StockFetcher Forums · General Discussion · Financial Genetic Programming in stockfetcher code<< >>Post Follow-up
cocky_pusher
12 posts
msg #37620
Ignore cocky_pusher
8/24/2005 3:25:53 PM

Now the Financial Genetic Programming Engine described in this site http://www.tau-zweig.com has gone thru some transformations to be able to deliver results written in StockFetcher code.





mrbobolina
19 posts
msg #37629
Ignore mrbobolina
8/25/2005 5:47:13 AM

Please explain in more detail how this is done.

Thanks in advance


Koronbock
201 posts
msg #37632
Ignore Koronbock
8/25/2005 9:55:37 AM

Yes, show us an understandable example - with actual SF code - how to apply your method to make us better traders and/or letting us find better stocks.




cocky_pusher
12 posts
msg #37636
Ignore cocky_pusher
8/25/2005 1:16:02 PM

As requested … please visit again.


Koronbock
201 posts
msg #37637
Ignore Koronbock
8/25/2005 4:03:05 PM

^Well, you won't convince people this way. I have gone to your side and consider myself as willing to read, but that site is so convoluted and requires a lot of background knowledge, so nobody will take note.

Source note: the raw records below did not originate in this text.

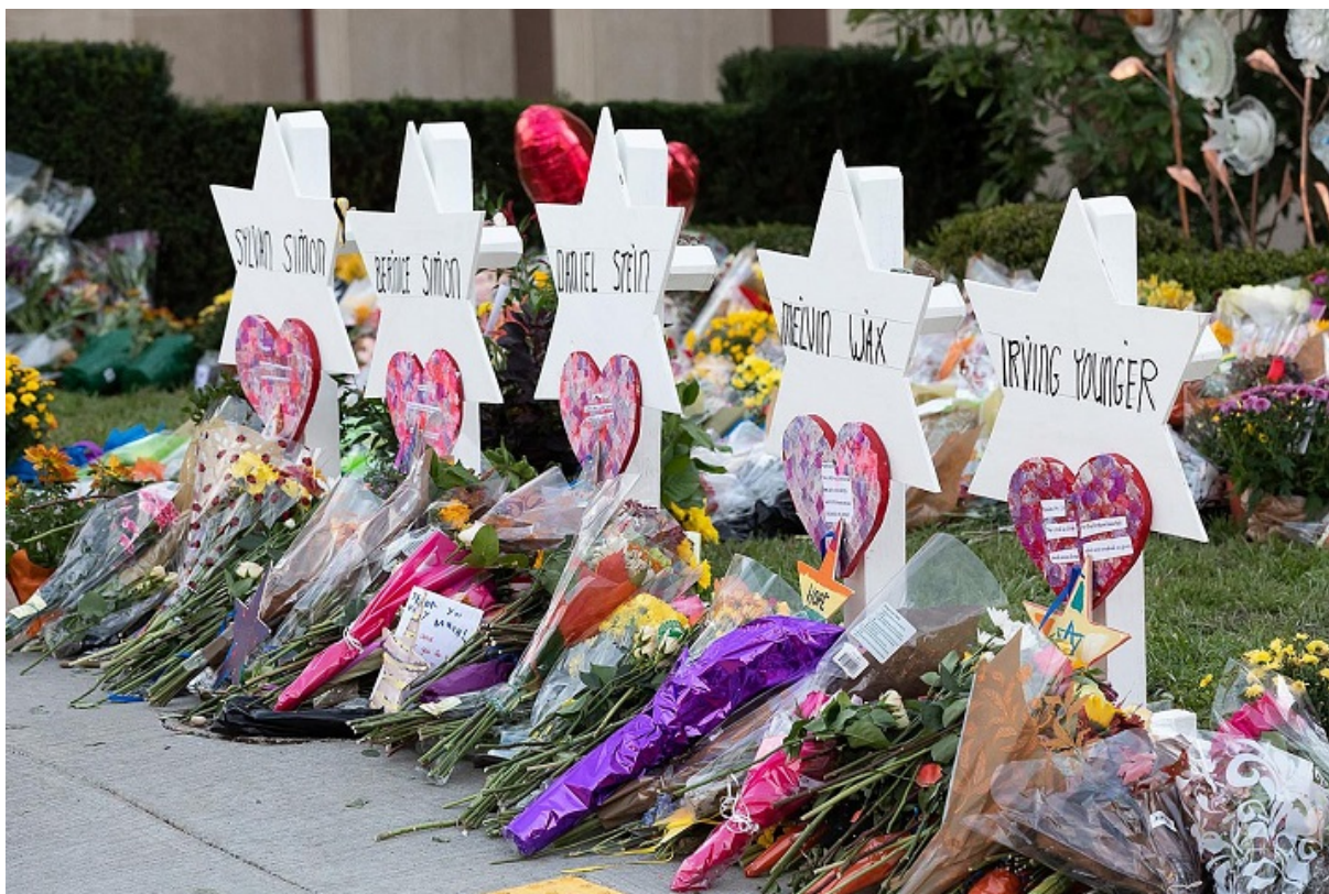
Импровизированный мемориал памяти жертв резни у синагоги «Древо жизни» в Питтсбурге

Мой материал «Сделайте нам антисемитов» анализирует абсурдный опросник Антидиффамационной Лиги, где сами вопросы приглашают давать ответы, квалифицируемые Лигой как проявления антисемитизма. Большинство американских евреев (61%) видит угрозу антисемитизма со стороны правых и лишь 22% со стороны левых. На наших улицах растет уровень антисемитского насилия, а еврейский истеблишмент борется с левыми критиками, подменяя антисемитизм антисионизмом и критикой Израиля.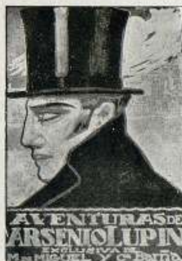
Cartel lema «AVE DE RAPIÑA», segundo premio, de 200 pesetas

Este último rasgo de la casa M. de Miguel y Compañía, sobre el de haber organizado el concurso, le valió muy merecidos elogios y frases de estímulo de la Junta Directiva que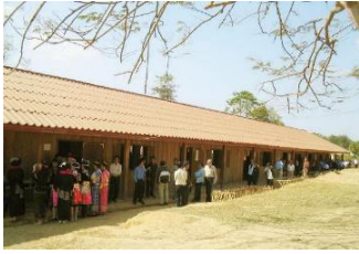
Ban None Hai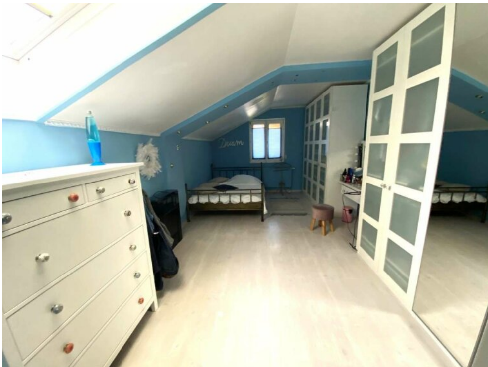
Kinderzimmer / Büro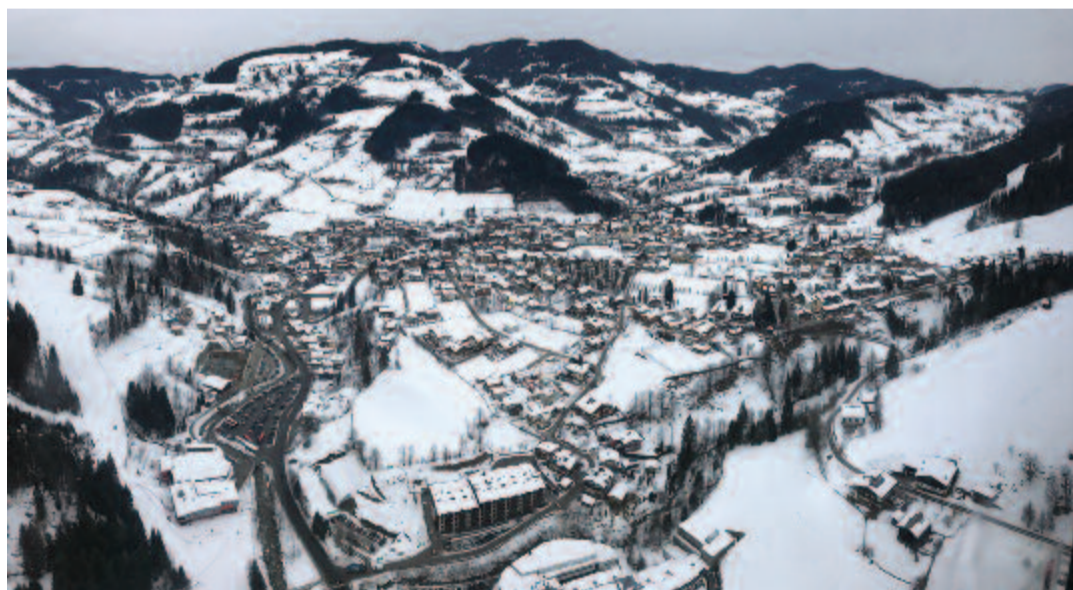
Míg hó borítja földjeinket, addig nem is romolhatunk meg

(...) A széles, szenes göröngyök felett egy kevés könnyű hamu remeg. Csendes vidék. A lég finom üvegét megkarcolja pár hegyes cserjeág.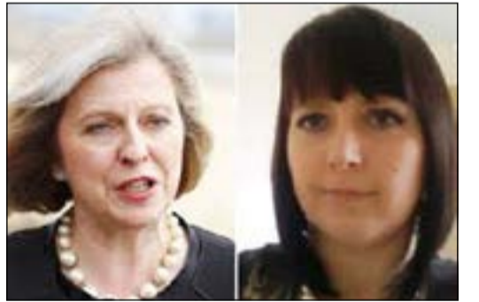
تريزا مي وكليز وود ضحايا العنف الأسري

وكالات: دشن البريطانيون خطوة غير مسبوقة في الحرب ضد العنف الأسري بإطلاق مبادرة في إنجلترا وويلز تتضمن المطالبة بقانون يسمح بالاستعلام من الشرطة عن شريك الحياة، وما إذا كان له سجل في ممارسة العنف الأسري أم لا. من المقرر أن يسمح مشروع القانون البريطاني للكشف عن سجل العنف الأسري، المعروف بقانون كليز، ومعلومات قد تجنب البريطانيين من أن يقعوا ضحايا للعنف، وانطلقت المبادرة السبت بالتزامن مع اليوم العالمي للمرأة في أعقاب إطلاق مشروعات قوانين تجريبية في أربع مناطق تتضمن مانشستر الكبرى، وجويت (ويلز)، ونوتنغهامشاير، وويلتشاير.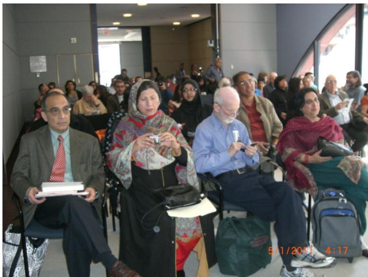
په نیو یارک کې د دستوري پر مهال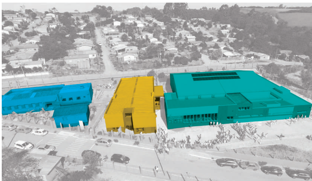
■ 2016 • Nova área de alimentação ■ 2012 • Área pedagógica ■ 2021 • Ampliação Cultural

Sua edificação foi inspirada em princípios que norteiam as ações de responsabilidade social do Centro de Formação Divina Providência: cooperação comunitária, valorização da vida e da dignidade humana, e sustentabilidade.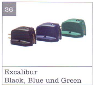
Excalibur Black, Blue und Green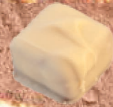
Dentelle de crêpe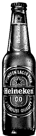
Heineken 0.0% sticla 0.33l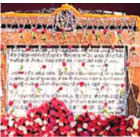
ସମ୍ପର୍କ ବିଭାଗ ପକ୍ଷରୁ ସ୍ଥାନୀୟ ଜୟଦେବ ଭବନ ଠାରେ ଆୟୋଜିତ ଫଟୋଟିଡ଼ି ପ୍ରଦର୍ଶନୀ ସକାଳ ୮

ଭୁବନେଶ୍ୱର, ନ୍ୟୁଜ୍ ବ୍ୟୁରୋ ସୋମବାର ଠାରୁ ୨ ଦିନିଆ ୭୮ତମ ରାଜଧାନୀ ପ୍ରତିଷ୍ଠା ଦିବସ ସମାରୋହ ପାଳନ ଆରମ୍ଭ ହେବାକୁ ଯାଉଛି । ଏହି ଅବସରରେ ସୋମବାର ସକାଳ ସାଢ଼େ ୬ ଘଟିକା ସମୟରେ ଓଡ଼ିଶା ବିଧାନସଭା ସମ୍ମୁଖସ୍ଥ ଶିଳାନ୍ୟାସ ଫଳକରେ ମାଲ୍ୟାପର୍ଣ୍ଣ ସହ ବିଭିନ୍ନ କାର୍ଯ୍ୟକ୍ରମ ଅନୁଷ୍ଠିତ ହେବ । ଏତଦବ୍ୟତୀତ ପୂଜନା ଓ ଲୋକ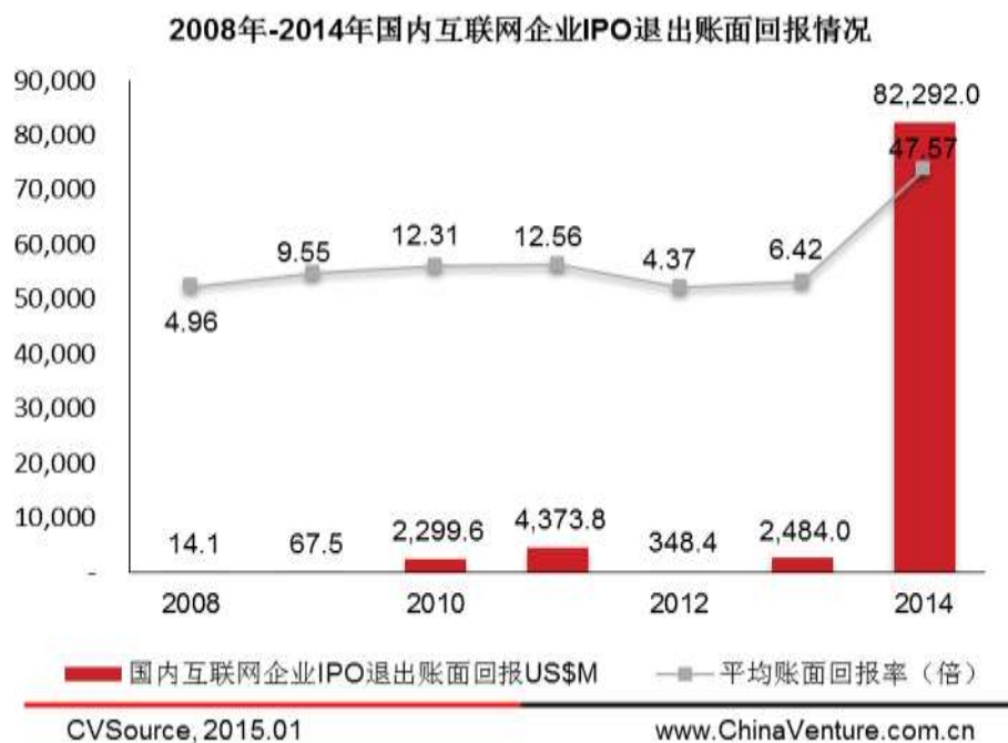
图6 2008年-2014年国内互联网企业IPO退出账面回报

本年度，VC/PE 机构参与互联网企业 IPO 获得退出的 35 笔。软银在阿里巴巴集团上市获得 542.47 亿美元账面退出（根据阿里巴巴集团上市发行价计算），根据公开信息获知，软银于 2000 年注资阿里巴巴集团 2000 万美元、2005 年 8 月注资 1.8 亿美元（雅虎并购阿里巴巴交易中一部分）共计 2 亿美元。据此计算，软银的退出回报率 271.23 倍。另外，软银曾在 2004 年注资淘宝网 6000 万美元，2005 年随着雅虎并购阿里巴巴交易获得 3.6 亿美元退出，退出回报率 6 倍。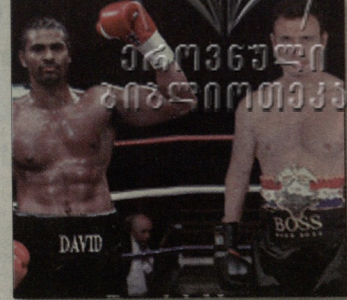
ვალიდმერ კლიარკოს მომავალ ორთაბრძოლაში სუბერმინი ნონამი IBF-სა (კრივის საერთაშორისო ფედერაცია) და WBO-ის (სსოფლის საკრივო ორგანიზაცია) ვერსიებში საჩემბიონო ქმნიერებას დაეცე მოწყეს.

ჰარიზელ ვალიდმერ კლიარკოს და ბრეტანელ დევიდ პეის პრიზადა, რომელიც 2009 წლის 20 ივნისს ლონდონში უნდა გამართულიყო, გერმანიის დედაქალაქ ბერლინში გადაიტანეს. პრიზის თარიღი უცვლელი დარჩა, - ნერს გახეიო "სანი". ბრეტანელი მძიმეინფორმის ინჟინერტი წარმომადგენლის სიტყვებით, უკარონელ და ბრეტანელ მხარეებს შორის მილაპარაკებები "98 პროცენტით დასრულდა".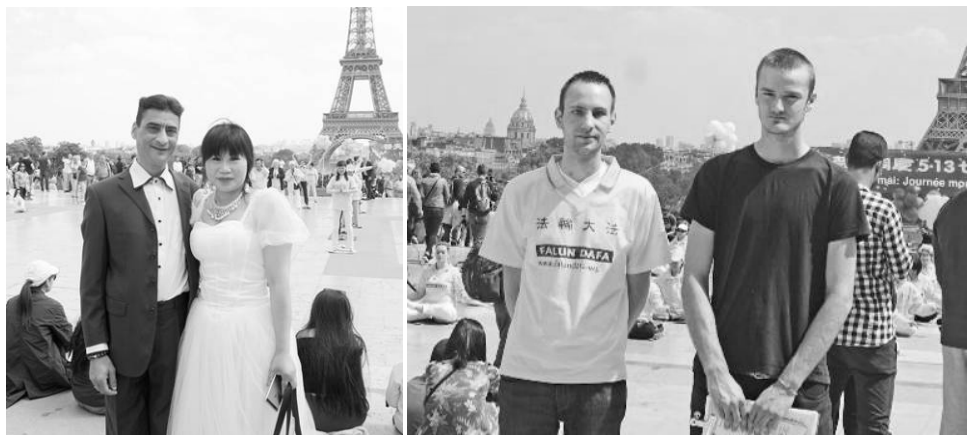
■上：法国法轮功学员在法国巴黎人权广场庆祝法轮大法日，演示功法。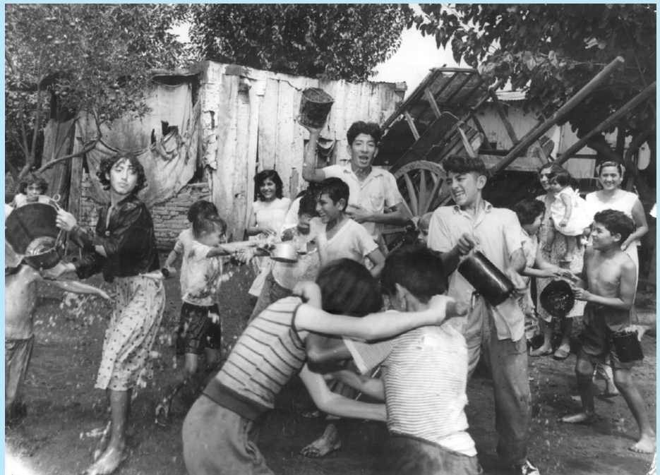
Imagen N° 1 Carnaval en Barrio Tucumano, La Gaceta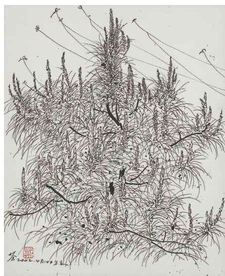
风铃 吴冠中

What I would like to see is some - basic and short - example (not pages of text) where you show us that your approach is better of what we already have here.

Why don't you just take 2 or 3 indicators, combine them in any way you want and show us - with SF code - how your approach is better.




yepher
359 posts
msg #37640
Ignore yepher
8/26/2005 12:03:47 AM

cocky_pusher,

The problem I have with Genetic Programming or Neural Nets for that matter is it depends on a set of pre defined filters.

It seems to me it would be much more interesting to use a Hidden Markov Model to try and adapt to the changes of the stock market and not worry about what the actual underlying true cause is for price changes. I originally started thinking about HMM to try and discover new "chart patterns" that are not regularly noticed but have high significance. (market intelligence recogonition instead of Speech Recognition :)

I think the real work for GM, NN, or HMM is not performing the calculations but in aggressively pruning the trees so you can process large numbers of data points/nodes.

Here was an interesting article I read some time ago about using HMM for such an application:

http://www.cs.sfu.ca/~anoop/students/rzhang/rzhang_msc_thesis.pdf

Obviously this was a simplistic implementation but I think it is in the right direction.

With all that said I strongly feel that simple is generally better.


My $.02
Yepher



Koronbock
201 posts
msg #37644
Ignore Koronbock
8/26/2005 3:34:57 AM

Yepher,
great post. I am alos a great fan of "simple solutions". I have never seen a trader making money with these "super advanced", super-curve-fitted models. They fall apart when applied to real markets.


cocky_pusher
12 posts
msg #37656
Ignore cocky_pusher
8/26/2005 2:06:30 PM

Thanx Yepher for your comments, I´ll check them out. To Koronbock, mrbobolina and the others that did find the page somehow convoluted. There is now a FGP in a nutshell page to help people out. Hope it is not as convoluted as the rest of the page for that matter. Just remember that I am not imposing any trading system, neither selling one and much less criticizing those who don’t like it. Just sharing utter financial algorithms information.

Yepher talking about Markov, you know, a teacher I had wouldn’t stop telling me about him, but you know I kind of prefer the empirical knowledge found in GP than theoretical melodrama. Never disregarding Markov’s theories. There are so many things one could use to create tactics the subject is just overwhelming.



yepher
359 posts
msg #37970
Ignore yepher
9/15/2005 1:12:27 AM

cocky_pusher,

I have been researching your web page a little more deeply and have some incoherent babbling on your findings.

You state:
"volume indicators did not even show up.....it means that if a genetic program did not find any patterns linking them to price prediction......"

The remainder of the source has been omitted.